• DATA SEGMENT:

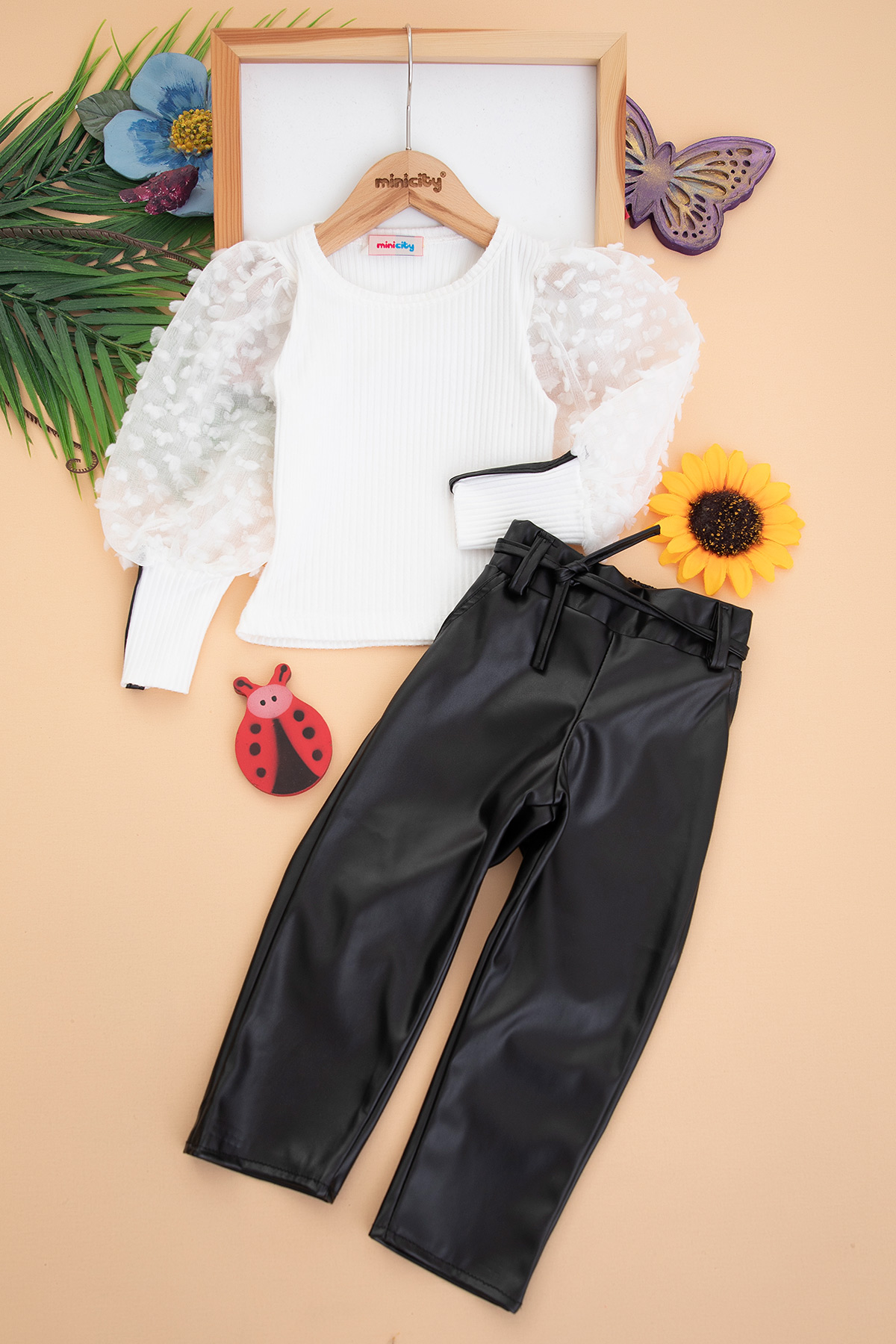 Kız Çocuk Deri Pantolunlu İkili Takım - 760 (6-9 Yaş)
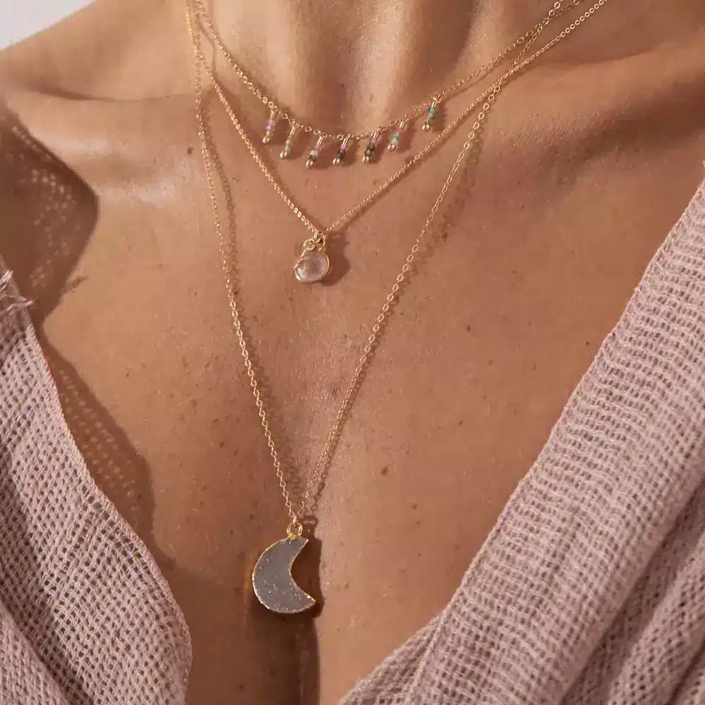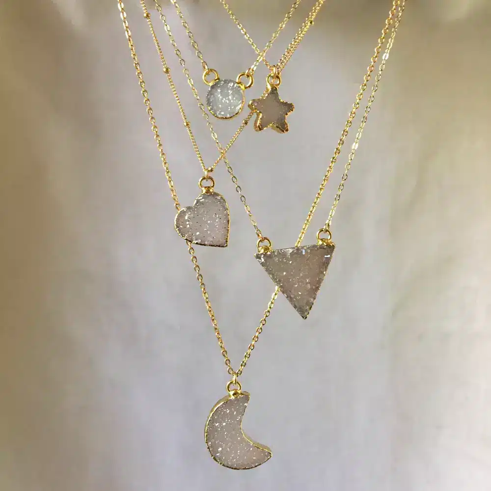 Un bijou celeste avec pendentif croissant de lune en agate druzzy est un bijou polyvalent qui peut être stylisé de nombreuses façons pour diverses occasions. Que vous optiez pour un look décontracté, élégant ou bohème, ce bijou unique saura apporter une touche de charme et de sophistication à votre tenue.
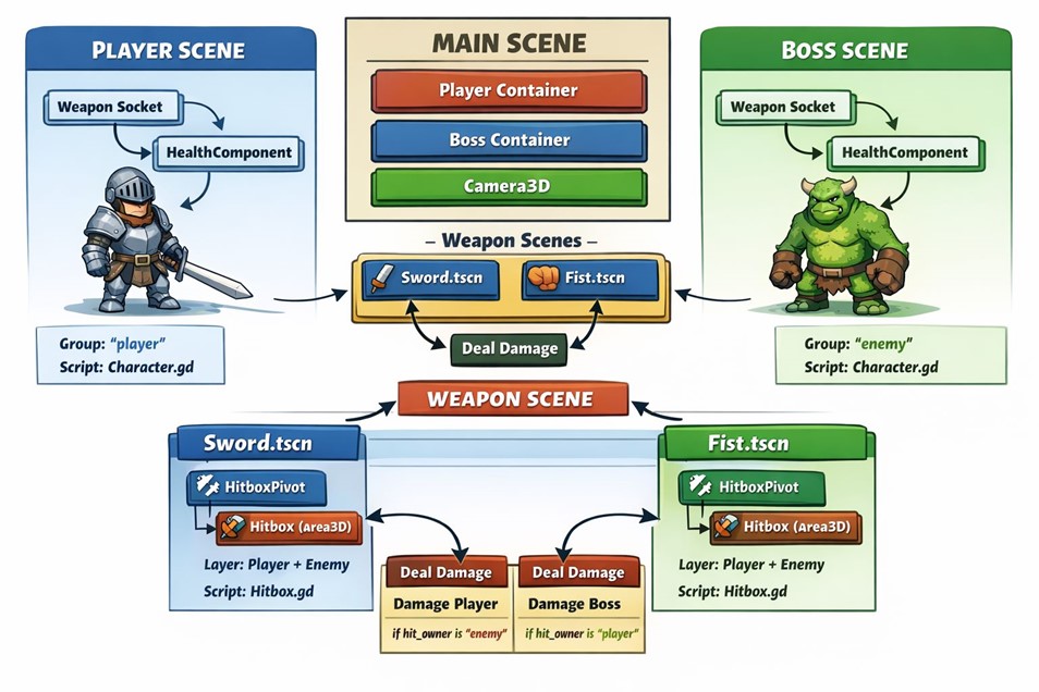 - ChatGPT:tä on käytetty Godot 4 pelimoottorin käytön opastamisessa ja GDScript-koodin luonnissa sekä muokkaamisessa. Myös peliohjelman arkkitehtuurin suunnittelussa tekoälystä on havaittu olevan merkittävää hyötyä. Esimerkkeinä kuvaajat.

• PROBLEM DESCRIPTION:
Could you repeat the data exactly, omitting its pictures?

• WRITTEN RESPONSE:
 Kız Çocuk Deri Pantolunlu İkili Takım - 760 (6-9 Yaş)
 Un bijou celeste avec pendentif croissant de lune en agate druzzy est un bijou polyvalent qui peut être stylisé de nombreuses façons pour diverses occasions. Que vous optiez pour un look décontracté, élégant ou bohème, ce bijou unique saura apporter une touche de charme et de sophistication à votre tenue.
 - ChatGPT:tä on käytetty Godot 4 pelimoottorin käytön opastamisessa ja GDScript-koodin luonnissa sekä muokkaamisessa. Myös peliohjelman arkkitehtuurin suunnittelussa tekoälystä on havaittu olevan merkittävää hyötyä. Esimerkkeinä kuvaajat.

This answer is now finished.